Canadian Pacific Railroad CPR Story Grade 5 Social Studies
On Canada’s Coat of Arms, there is a Latin phrase at the bottom that says “A Mari Usque Ad Mare.” This is Latin for “From Sea to Sea” and represented the dream that Canada’s founders had; a country that reached from coast to coast. That was easier said than done - there was no such thing as an airplane, cars or trucks. ‘From Sea to Sea’ meant covering a distance of over 5000 km - Canada needed something big. The Canadian Pacific Railway was the answer.
On July 1, 1867 four provinces joined together to form the new country of Canada. These 4 provinces - Nova Scotia, New Brunswick, Ontario and Quebec - were joined three years later by Manitoba and the Northwest Territories. Sir John A. MacDonald, our first Prime Minister, still dreamed of a Canada that stretched from the Pacific Ocean to the Atlantic Ocean.
In 1871 British Columbia decided to join Canada. The Canadian government and British Columbia made a deal - BC would join Canada only if the government built a railway across the country. Sir John A. MacDonald agreed and promised that it would be built and finished in 10 years.
It wasn’t until 1878 that construction was able to be really started and the 10 year deadline was running out. Sir John A. MacDonald needed to prove he was serious so he got construction going. The government hired Andrew Onderdonk to start construction of the western part of the railroad.
Over the next seven years 15,000 men, many of them Chinese immigrants, built over 545 km of railroad from Port Moody to Eagle Pass. Slowly but surely, construction went ahead - it had to go through some very dangerous areas in the Fraser Canyon and the Rocky Mountains. Many workers lost their lives in the process. Even though the 10 year deadline passed and the railroad was not finished - the people of BC saw all the hard work that was being done and so they agreed to stay part of Canada.

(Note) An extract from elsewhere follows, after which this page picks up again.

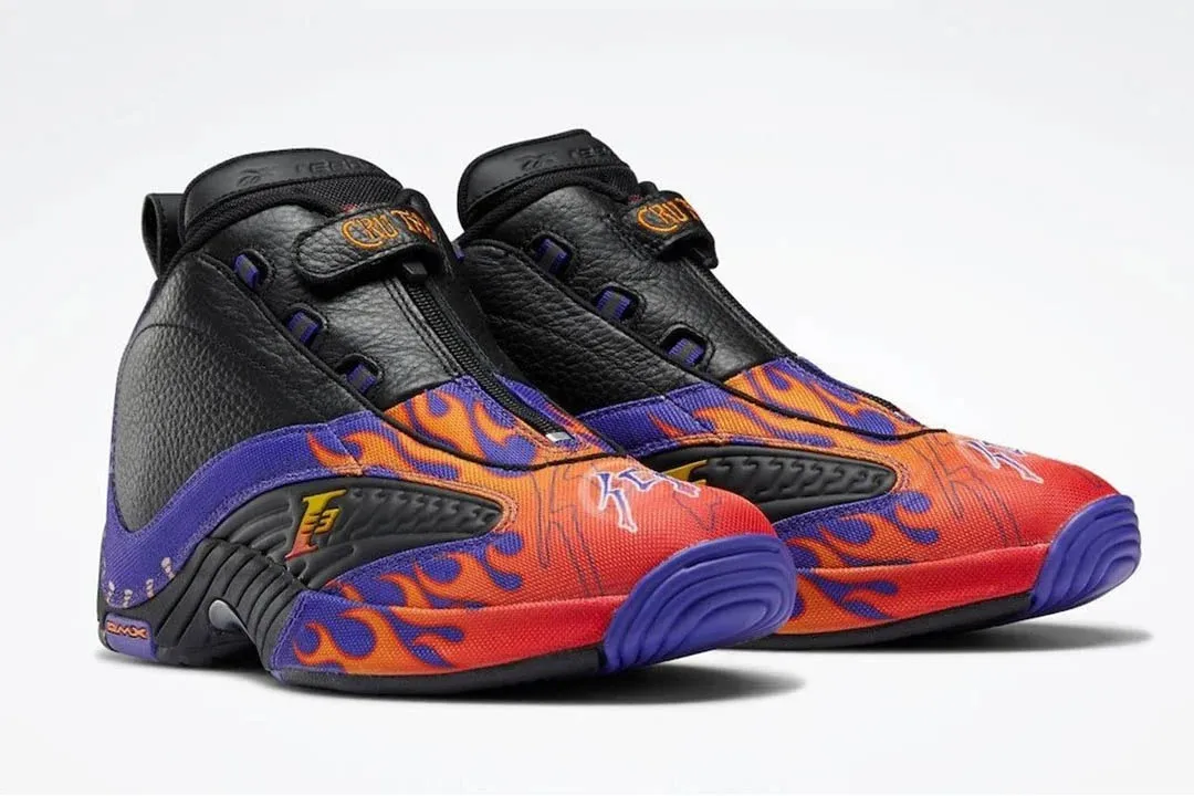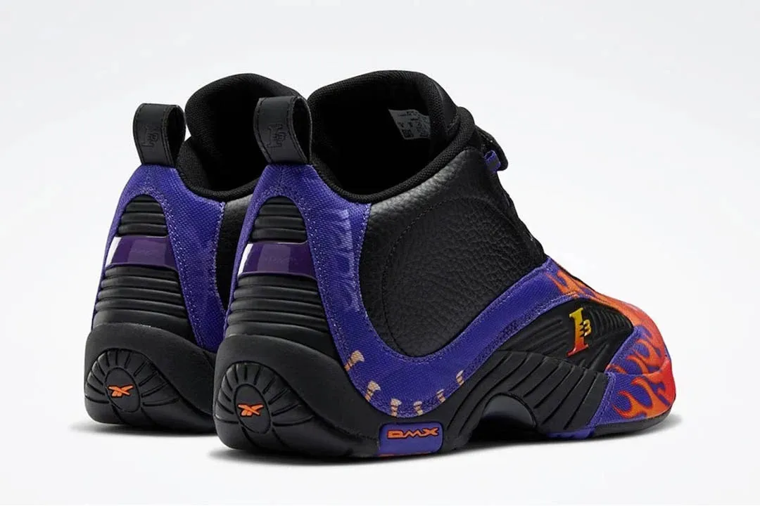 Reebok avait déjà doté sa Question Mid d'un modèle « Motorsports ». Cette fois, c'est à la Answer 4 d'opérer un retour aux stands pour être “pimpée” sur le même thème du sport auto. Celui ressort particulièrement avec une imitation « hot rod » de flammes et une bande violette qui parcoure la chaussure, majoritairement noire, sur sa longueur.

With construction started in British Columbia, it was time to get things rolling in the east. On February 16, 1881 the Canadian Pacific Railway Company was officially created and the Canadian government gave it $25 million and 25 million acres of land to use in the construction of the railroad. In the first year, only 211 km of track was laid - not very good and so William Cornelius Van Horne was hired to get things going faster. With Mr. Van Horne in charge, 673 km of track was built the next year. Things were coming together but they still needed to conquer the Rocky Mountains and that was no easy job.

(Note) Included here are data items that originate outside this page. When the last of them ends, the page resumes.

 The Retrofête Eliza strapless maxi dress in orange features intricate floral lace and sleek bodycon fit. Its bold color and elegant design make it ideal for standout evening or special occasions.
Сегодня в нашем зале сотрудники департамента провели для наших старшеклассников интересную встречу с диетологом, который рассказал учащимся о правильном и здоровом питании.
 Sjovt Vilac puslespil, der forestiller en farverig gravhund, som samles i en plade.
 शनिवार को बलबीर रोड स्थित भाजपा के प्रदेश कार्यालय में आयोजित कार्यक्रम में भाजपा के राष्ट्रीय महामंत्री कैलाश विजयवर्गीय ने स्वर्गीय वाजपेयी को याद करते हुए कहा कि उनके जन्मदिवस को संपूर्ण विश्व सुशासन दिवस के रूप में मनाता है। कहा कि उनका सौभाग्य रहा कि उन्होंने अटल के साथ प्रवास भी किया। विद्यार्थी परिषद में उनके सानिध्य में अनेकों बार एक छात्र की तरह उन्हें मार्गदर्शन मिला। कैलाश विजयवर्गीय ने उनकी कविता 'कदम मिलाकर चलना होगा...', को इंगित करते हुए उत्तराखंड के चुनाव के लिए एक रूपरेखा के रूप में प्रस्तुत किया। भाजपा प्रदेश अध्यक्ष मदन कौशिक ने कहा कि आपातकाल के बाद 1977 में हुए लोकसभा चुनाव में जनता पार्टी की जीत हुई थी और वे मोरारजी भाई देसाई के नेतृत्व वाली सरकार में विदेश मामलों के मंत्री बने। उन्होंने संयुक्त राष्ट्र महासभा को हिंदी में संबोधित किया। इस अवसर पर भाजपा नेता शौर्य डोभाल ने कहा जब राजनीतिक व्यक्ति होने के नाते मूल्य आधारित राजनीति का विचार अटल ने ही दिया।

Major A.B. Rogers, a surveyor, got to work finding a way through the Rocky Mountains and Rogers Pass was named after him - recognizing all his hard work. When you drive on the Trans-Canada Highway today, you are following the original CPR route through the mountains.
The CPR soon found out it was very expensive to build railway tracks through the mountains. By 1885 the company had run out of money and needed more to finish building the tracks. At the same time CPR was having financial difficulties, Canada was dealing with the Second Northwest Rebellion on the Prairies. The government needed to get soldiers from eastern Canada to the West to control the unrest with the Métis and some of the First Nations peoples of the region. The nearly completed railway was used to move troops to the area in less than 10 days. This proved to the government how useful a railway was to the country and the government decided to help CPR with its financial difficulties so the railway could be completed.
Just a few months later, on November 7, 1885, Donald A. Smith drove the last spike into the railway tracks at Craigellachie, BC, to commemorate the track from the East meeting up with Onderdonk’s track from the West. Sir John A. MacDonald’s dream of a transcontinental railway was now real. Eight months later the first transcontinental train left Toronto and Montreal, on June 28, 1886, for the Pacific Coast.